I assert that our nation’s education system is a lot like my Toyota Celica; some aspects may be functional, but an overwhelming body of research and data suggests that major infrastructure systems are broken.

According to the 2022 Missouri Assessment Program (MAP), only 41% of all students who took the assessment scored on grade level or above in English Language Arts and Math combined. 

That means more than half (59%) of all students in the State of Missouri scored below grade level in the core courses of reading, writing, and arithmetic. If we disaggregate this data by race/ethnicity, the systems perform even worse for students of color. 

Only 17% of Black students and 31% of Latino students in our schools statewide scored on grade level compared to 54% of their non-Hispanic White peers. While these racial disparities are egregious, our education system is overwhelmingly failing to prepare all students to achieve at high levels. 

This statewide academic data debunks the notion that low academic achievement is exclusively an inner-city dilemma. If schools were held to the same automotive defect regulations, many would have open recalls. Generally, due to the enormous and systemic hurdles educators have to jump through with very little resources to achieve a modicum of success, we are trained to celebrate the good efforts and gains despite the clear failures. 

Unfortunately, far too many perceive low academic outcomes as the cost of educating “urban communities.” Placing the burden of inadequacy on students, their families, and the community — rather than forcing the broken system that promises a quality education, to actually deliver on that promise.

While some would have us believe that if we simply ban books by people of color, limit students’ exposure to queer studies, refrain from saying the words “gay”, “woke”, or “systemic racism” that this cancel-culture strategy will magically repair a broken educational system — this tinkering around the edges is akin to having a vehicle with a busted transmission and electing to rotate the tires, get a paint job, remove seats, and find a more skillful driver in hopes that the vehicle will miraculously zoom up a hill. 

Yes, the car itself will look better on the outside, but for those depending on that car to get them where they need to be, tinkering around the edges will not suffice. 

The sobering truth is that since the landmark 1983 report “A Nation at Risk: The Imperative for Educational Reform,” from the United States National Commission on Excellence in Education, we have known that our American educational system is losing its competitive ground.  

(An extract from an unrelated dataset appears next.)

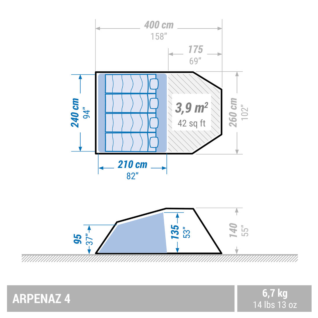 Cette tente de camping a été conçue pour un usage outdoor ponctuel (4 semaines par an) lors de vos sorties camping ou en pleine nature. Une exposition continue de plusieurs semaines aux UV peut endommager sa partie textile. Nos tentes n'entrent pas dans la catégorie "mobilier de jardin" et ne sont pas conçus pour rester en extérieur de façon permanente. Pour garantir une durée de vie optimale de votre tente, il est important de la ranger lorsqu'elle n'est pas utilisée. Garantie 3 ans.

Unfortunately, our country has decided to tinker around the edges of educational reform, and rather than doing the hard work of reimagining an educational system that supports the diversity, lived, and historical experiences of all children, we resign to pitting charters against districts, parents against schools, school boards against superintendents, all while our students get shortchanged on the academics. 

The “if it ain’t broke (or even if it is broken), let’s not fix it” mentality will not get our students or our educational system where either need to be to solve challenges the world has yet to see. 

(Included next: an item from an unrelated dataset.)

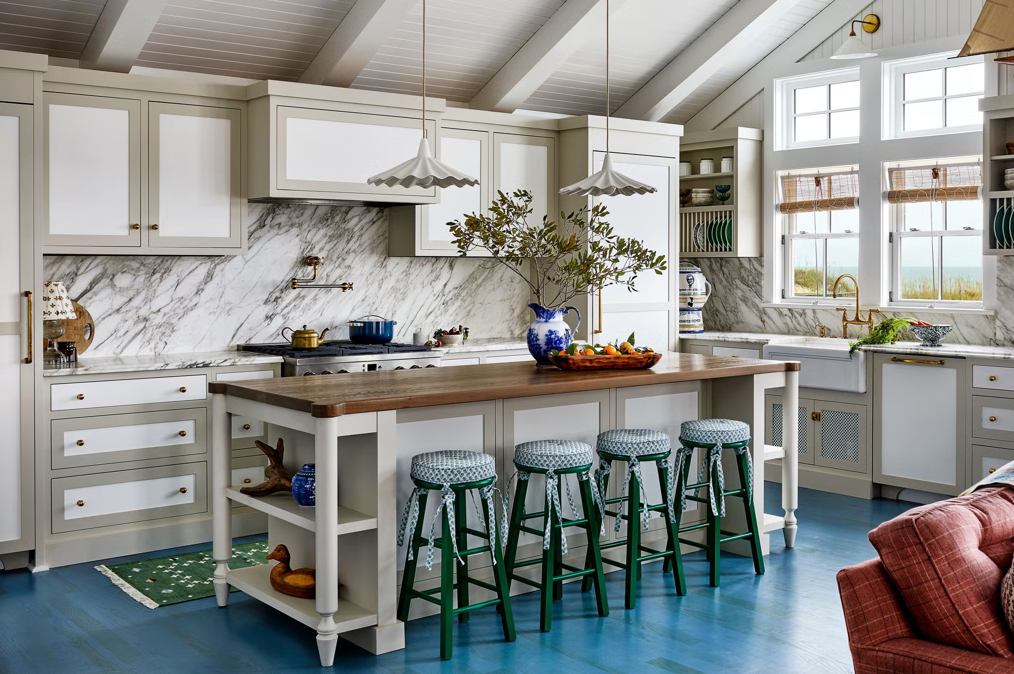 Η κουζίνα αποτελεί την καρδιά του σπιτιού και είναι σχεδιασμένη για να εξυπηρετεί την καθημερινότητα αλλά και τη φιλοξενία. Τα δίχρωμα ντουλάπια προσθέτουν βάθος και χαρακτήρα, ενώ ο συνδυασμός των ανοιχτών ραφιών και των κλειστών αποθηκευτικών χώρων ισορροπεί ανάμεσα στην πρακτικότητα και την αισθητική. Στο κέντρο, η νησίδα με τις καμπύλες λεπτομέρειες λειτουργεί ως σημείο συγκέντρωσης, είτε για πρωινό καφέ είτε για χαλαρές στιγμές μετά την παραλία. Οι λεπτομέρειές της θυμίζουν περισσότερο ένα έπιπλο παρά μια τυπική νησίδα, ενισχύοντας έτσι τη ζεστασιά του χώρου.

Those of us who see these troubling academic outcomes as emblematic of a broken education system, we have a serious choice to make: 

Do we continue to be distracted by the divisive noise while continuing this destructive pattern of tinkering around the edges of education? 

Or do we lean in collectively and courageously to reimagine a system of education that is poised to meet the demands of a globally competitive environment in which all kids have what they need to achieve their fullest potential. 

Dr. Cokethea Hill is CEO of the education nonprofit BLAQUE (Black Leaders Advancing Quality Urban Education).